About this task - Copy every line of the data below exactly as given, except for the pictures.

*** Block opens ***

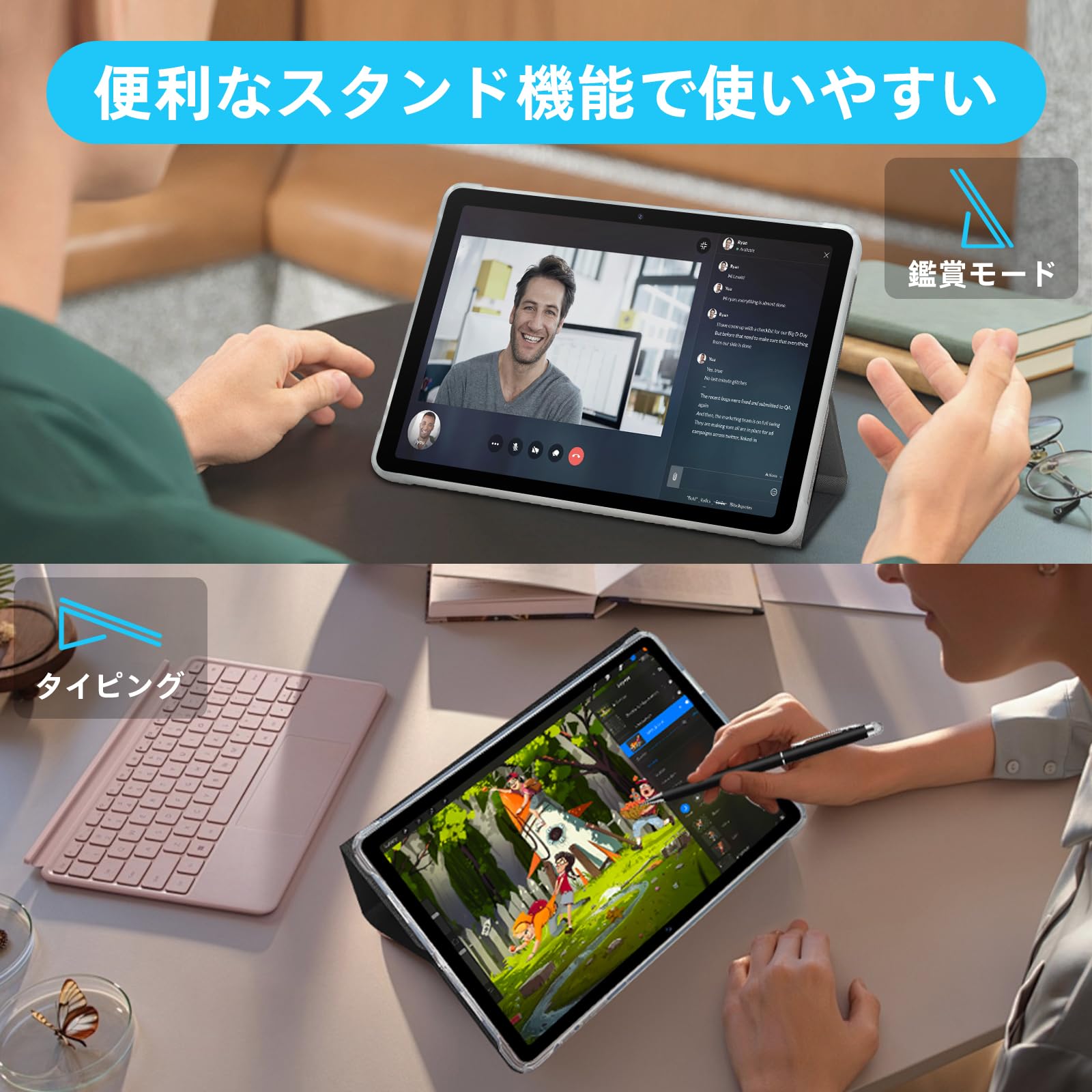 【2角度のスタンド機能】:A60保護ケースは、フラップを折りたたむことでスタンドとして使用できます。スタンドとして使用する際には、メールなどの文字入力に便利な「タイピング」と、動画視聴に最適な「鑑賞モード」が選べます。置き方を調整することで、最適な角度に変更でき、文字入力や動画視聴など、さまざまなシーンで活躍します。
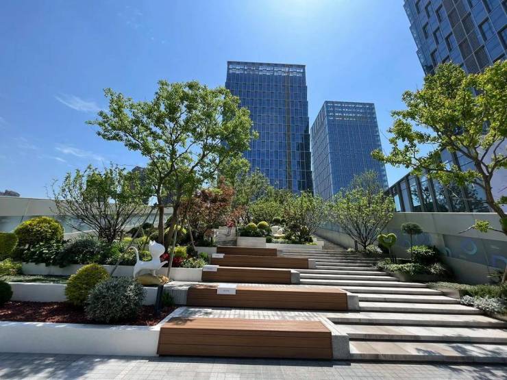 设有黑金沙石材叠水池、樱花步道等景观,复刻江南园林意境。
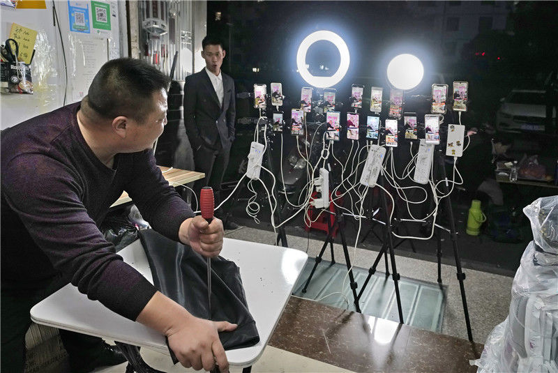 2019年11月11日,浙江金華,義烏北下朱村,在一家床上用品銷售商店,一名男子正在直播。這個(gè)網(wǎng)名叫“點(diǎn)子大哥”的男子姓劉,49歲,來(lái)自杭州農(nóng)村,有三年半的直播經(jīng)歷。
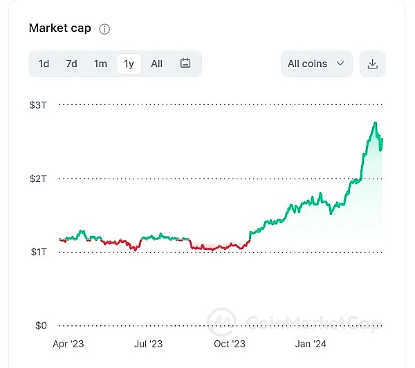 无论是当前火热的 DeFi 和 GameFi 领域,还是最近流行的 AI 与 DePIN 叙事,各领域均呈现出蓬勃的发展势态。根据 CoinMarketCap 的数据,仅从今年 1 月至今短短三个月内,加密资产的总市值便已增长超过 50%。
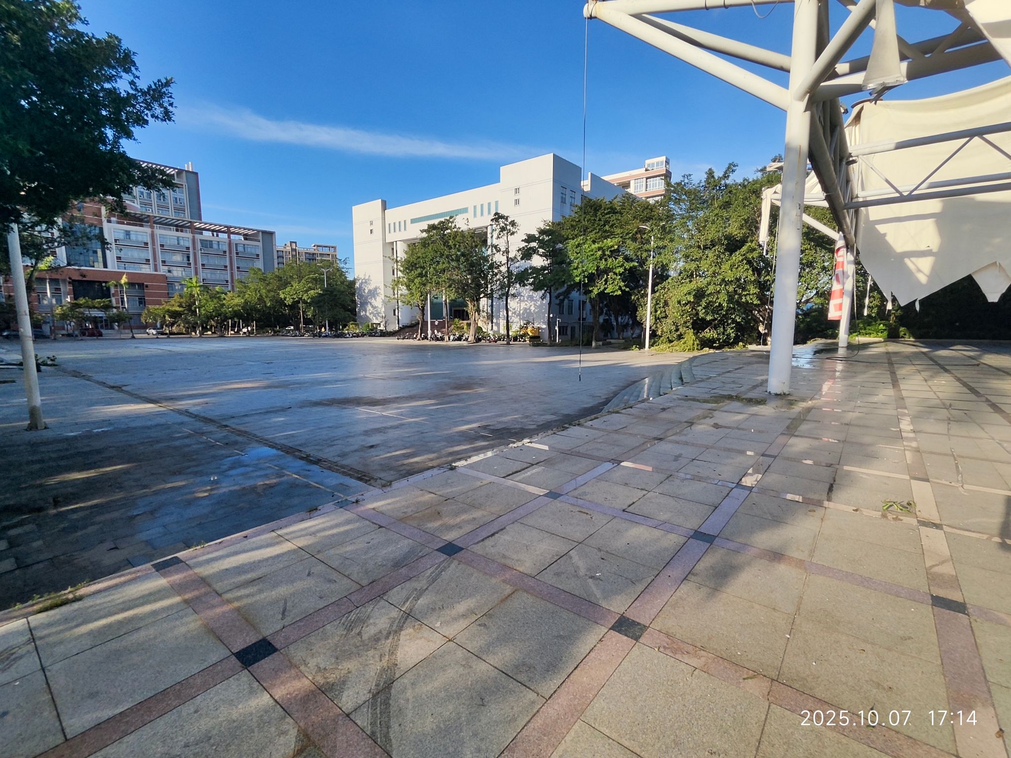10月7日下午,为尽快恢复台风“麦德姆”过后的校园环境,地理科学学院积极响应学校号召,组织师生开展台风灾后清扫工作。学院党委书记全柱、副书记王雄艺亲自带队,与辅导员、学生志愿者共同参与,重点清理教二广场和图书馆前广场的断枝落叶和积水。

*** Block closes ***

Answer to the problem -
 【2角度のスタンド機能】:A60保護ケースは、フラップを折りたたむことでスタンドとして使用できます。スタンドとして使用する際には、メールなどの文字入力に便利な「タイピング」と、動画視聴に最適な「鑑賞モード」が選べます。置き方を調整することで、最適な角度に変更でき、文字入力や動画視聴など、さまざまなシーンで活躍します。
 设有黑金沙石材叠水池、樱花步道等景观,复刻江南园林意境。
 2019年11月11日,浙江金華,義烏北下朱村,在一家床上用品銷售商店,一名男子正在直播。這個(gè)網(wǎng)名叫“點(diǎn)子大哥”的男子姓劉,49歲,來(lái)自杭州農(nóng)村,有三年半的直播經(jīng)歷。
 无论是当前火热的 DeFi 和 GameFi 领域,还是最近流行的 AI 与 DePIN 叙事,各领域均呈现出蓬勃的发展势态。根据 CoinMarketCap 的数据,仅从今年 1 月至今短短三个月内,加密资产的总市值便已增长超过 50%。
10月7日下午,为尽快恢复台风“麦德姆”过后的校园环境,地理科学学院积极响应学校号召,组织师生开展台风灾后清扫工作。学院党委书记全柱、副书记王雄艺亲自带队,与辅导员、学生志愿者共同参与,重点清理教二广场和图书馆前广场的断枝落叶和积水。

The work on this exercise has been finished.